Supplied entries: Begin
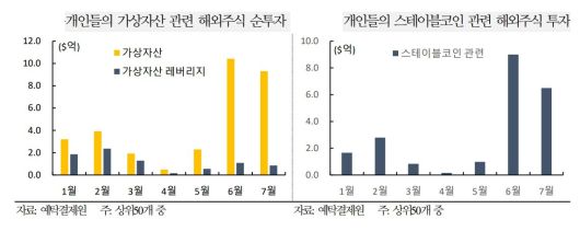 지난 1월 8.5%에 그쳤던 가상자산 주식 투자비즁은 6월 36.5%, 7월 31.4% 등으로 30%를 웃돌았다. 특히 지난 6월 스테이블코인 시가총액 2위 USDC(서클) 발행사인 서클 인터넷은 순매수 1위를 기록했고, 7월에도 상위 10개 순매수 종목 중 5개가 코인베이스 등 가상자산 거래소나 비트마인 등 이더리움 보유 기업이어서 눈길을 끌었다.
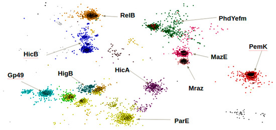 The figure illustrates the high sequence identity between proteins grouped into one family of toxin or antitoxin (Table 1). Some of the protein families such as Mraz and MazE are situated close to each other due to their high sequence similarity. The clusterization of proteins of the TA system according to the selected domains revealed the uniqueness of protein families as well as the differences between them.
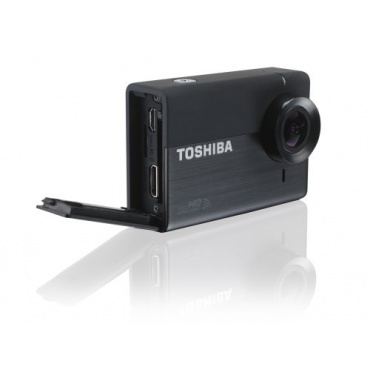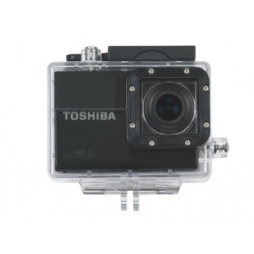 Die Toshiba Actionkamera ermöglicht Videoaufnahmen in Full-HD mit einer Auflösung von 1920 x 1080p. Das integrierte LCD-Display hat eine Diagonale von 5,08 Zentimeter beziehungsweise zwei Zoll. Das Gehäuse der Kamera ist wasserdicht. Eine Fernbedienung für bequeme Schnappschüsse ist vorhanden, sowie etliche Befestigungs-Kits. Die Toshiba ist per WiFi steuerbar.
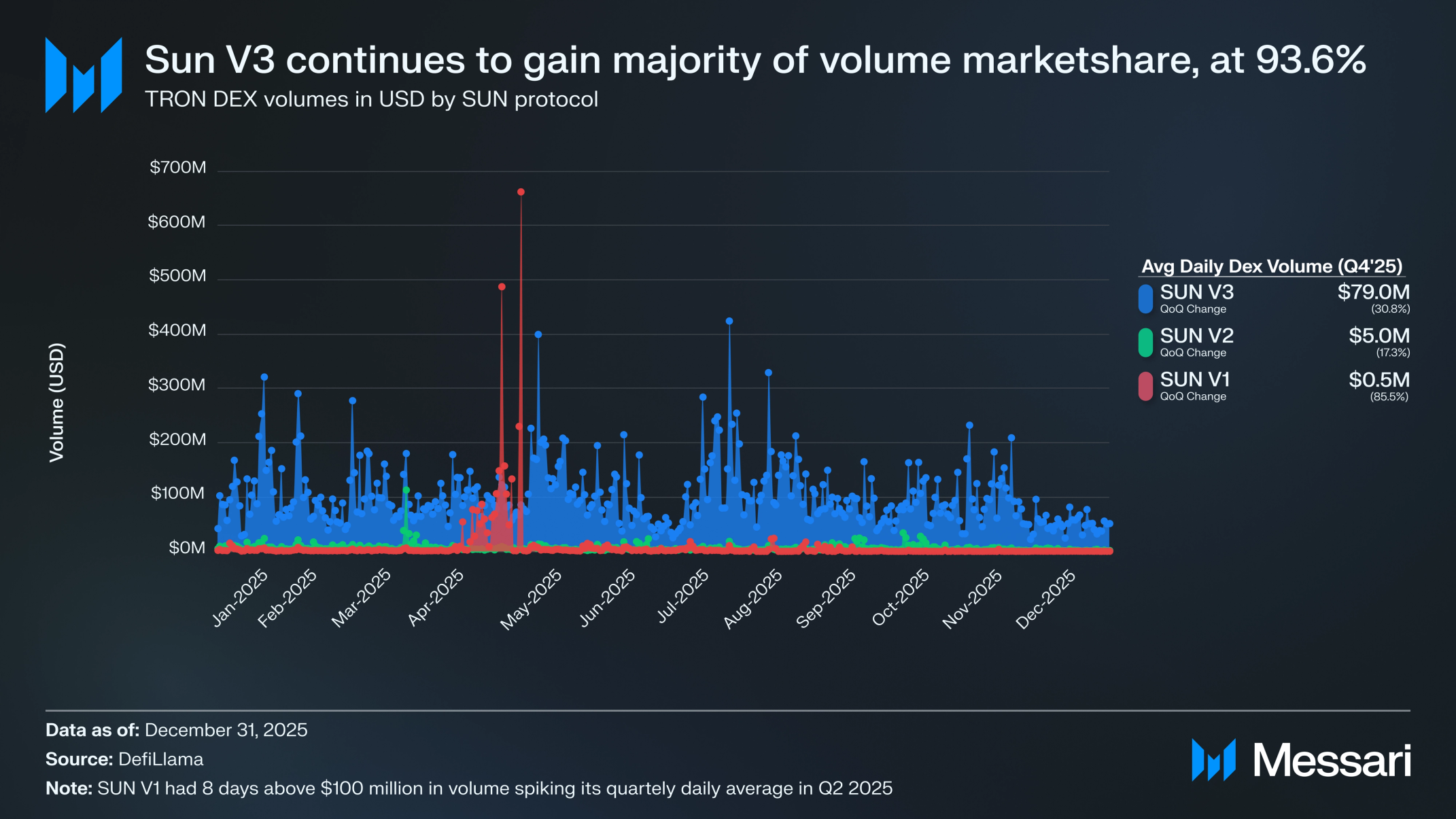 트론의 DEX 거래량의 대다수는 SUN 관련 유동성 장소에서 발생한다. 2023년 6월 SUN은 제품군에 집중 유동성(concentrated liquidity, CL) AMM(SunSwap V3)을 도입했다. 2024년 1분기는 선스왑 V3(SunSwap V3) 도입 이후 SUN의 거래량 대부분이 V3 AMM을 통해 라우팅된 첫 번째 분기였다. SUN V3는 2025년 4분기 트론 전체 거래량의 93.6%를 차지했다.
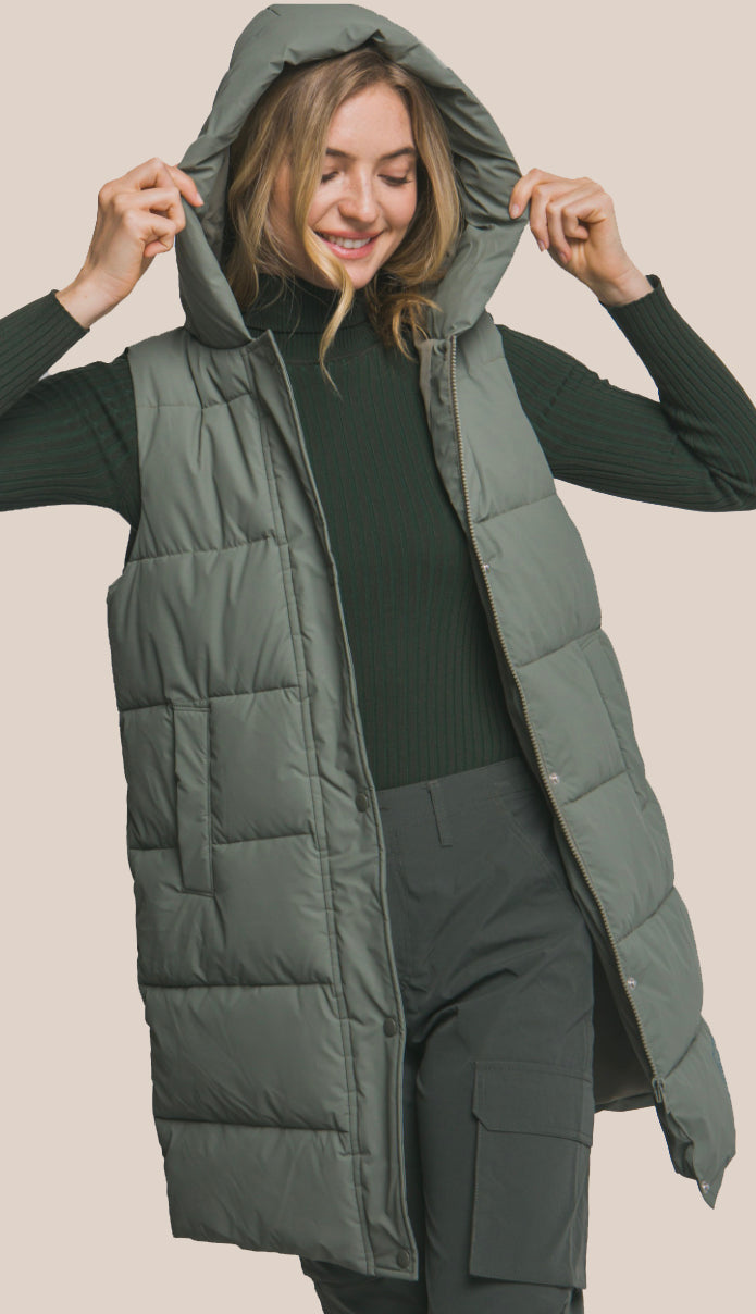 Bringing Warmth Hooded Long Quilted Puffer Vest- Olive
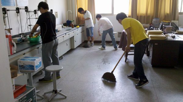 在打扫实验室时,同学们怀着对老师们多年教育的感谢和对实验室的留恋,认真仔细地打扫着实验室的每个角落,仔细的擦拭着陪伴了自己四年的实验仪器,同学们的一举一动都流露出对实验室的不舍,而后部分同学又到教师办公室进行了打扫,毕业生们以自己的行动向老师表达了对辛勤培养的感谢,同时老师也对同学们的前程寄予了殷切的希望和祝福。
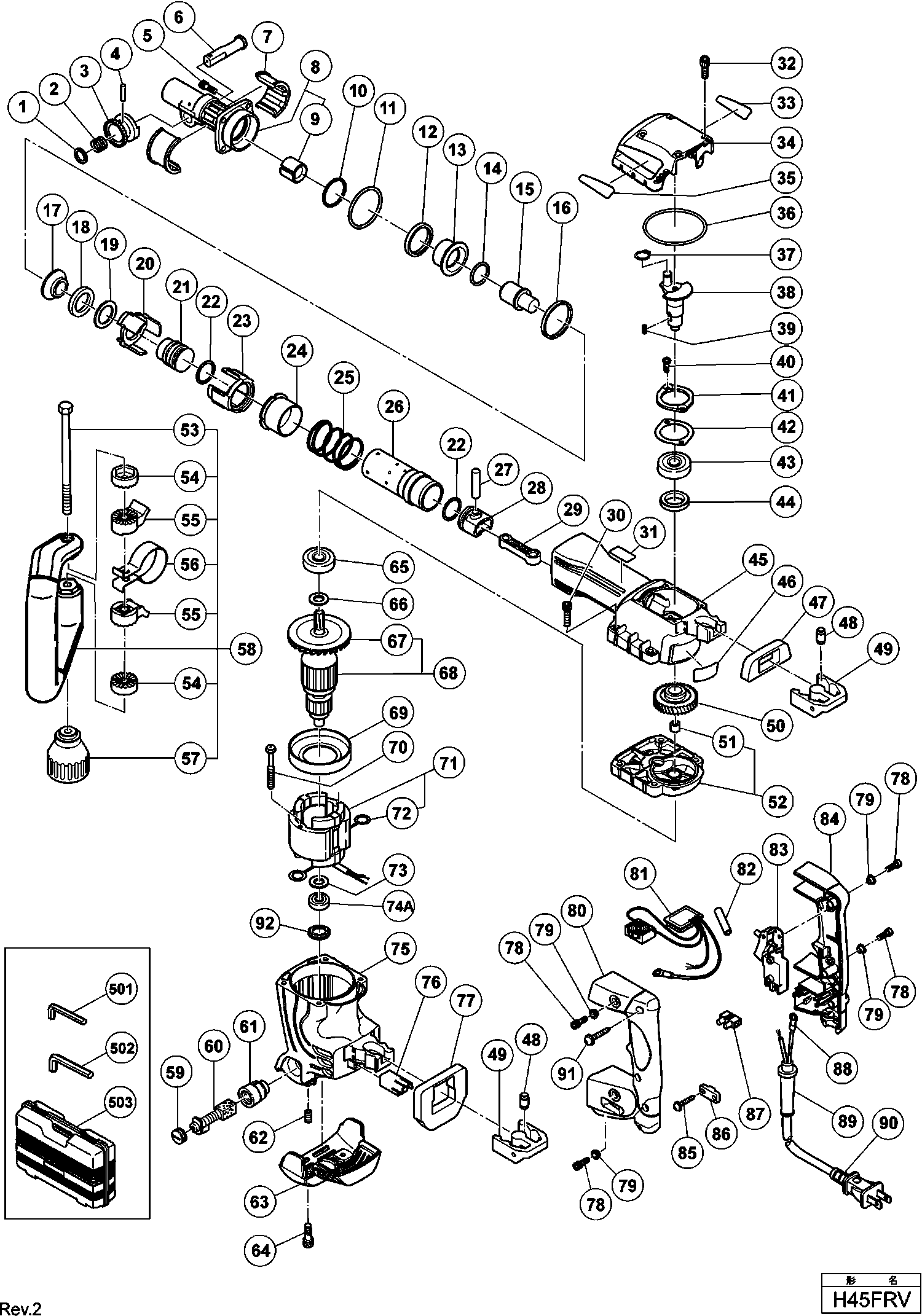 Liste de pièces de rechange des Hikoki H45FRV
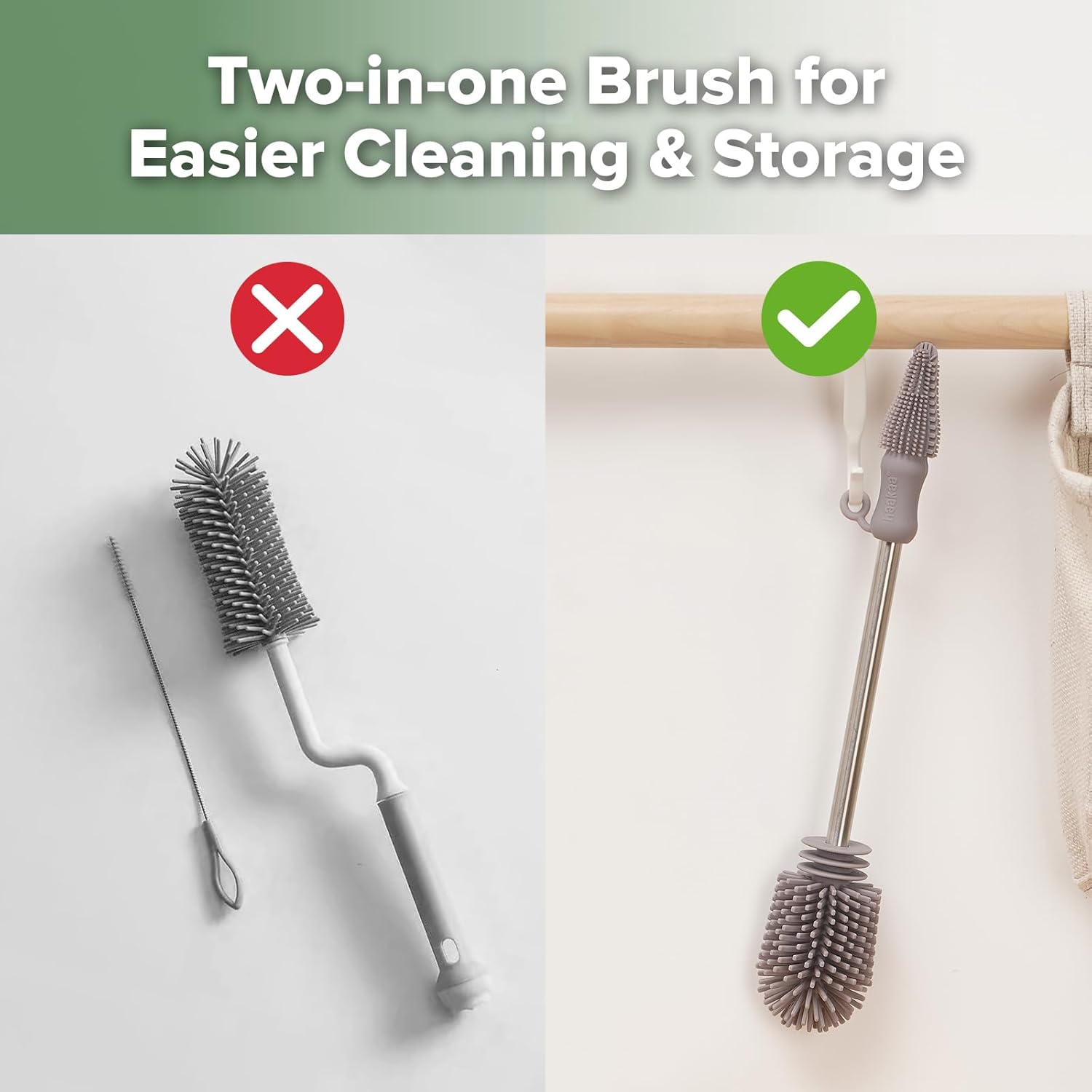 • Multipurpose Bottle Brush - Two different sizes of brush heads: ①Bottle Brush Head - perfectly-sized for scrubbing your baby bottles, breast pumps, and breastmilk storage bags. ②Angled Brush Head with an angled tip - reaches corners of your breast milk collectors, bottle teats and more.
Supplied entries: End
Exactly as written, restate the lines above from the opening line through the one holding "在打扫实验室时,同学们怀着对", omitting the pictures.

Solved problem:
 지난 1월 8.5%에 그쳤던 가상자산 주식 투자비즁은 6월 36.5%, 7월 31.4% 등으로 30%를 웃돌았다. 특히 지난 6월 스테이블코인 시가총액 2위 USDC(서클) 발행사인 서클 인터넷은 순매수 1위를 기록했고, 7월에도 상위 10개 순매수 종목 중 5개가 코인베이스 등 가상자산 거래소나 비트마인 등 이더리움 보유 기업이어서 눈길을 끌었다.
 The figure illustrates the high sequence identity between proteins grouped into one family of toxin or antitoxin (Table 1). Some of the protein families such as Mraz and MazE are situated close to each other due to their high sequence similarity. The clusterization of proteins of the TA system according to the selected domains revealed the uniqueness of protein families as well as the differences between them.
 Die Toshiba Actionkamera ermöglicht Videoaufnahmen in Full-HD mit einer Auflösung von 1920 x 1080p. Das integrierte LCD-Display hat eine Diagonale von 5,08 Zentimeter beziehungsweise zwei Zoll. Das Gehäuse der Kamera ist wasserdicht. Eine Fernbedienung für bequeme Schnappschüsse ist vorhanden, sowie etliche Befestigungs-Kits. Die Toshiba ist per WiFi steuerbar.
 트론의 DEX 거래량의 대다수는 SUN 관련 유동성 장소에서 발생한다. 2023년 6월 SUN은 제품군에 집중 유동성(concentrated liquidity, CL) AMM(SunSwap V3)을 도입했다. 2024년 1분기는 선스왑 V3(SunSwap V3) 도입 이후 SUN의 거래량 대부분이 V3 AMM을 통해 라우팅된 첫 번째 분기였다. SUN V3는 2025년 4분기 트론 전체 거래량의 93.6%를 차지했다.
 Bringing Warmth Hooded Long Quilted Puffer Vest- Olive
 在打扫实验室时,同学们怀着对老师们多年教育的感谢和对实验室的留恋,认真仔细地打扫着实验室的每个角落,仔细的擦拭着陪伴了自己四年的实验仪器,同学们的一举一动都流露出对实验室的不舍,而后部分同学又到教师办公室进行了打扫,毕业生们以自己的行动向老师表达了对辛勤培养的感谢,同时老师也对同学们的前程寄予了殷切的希望和祝福。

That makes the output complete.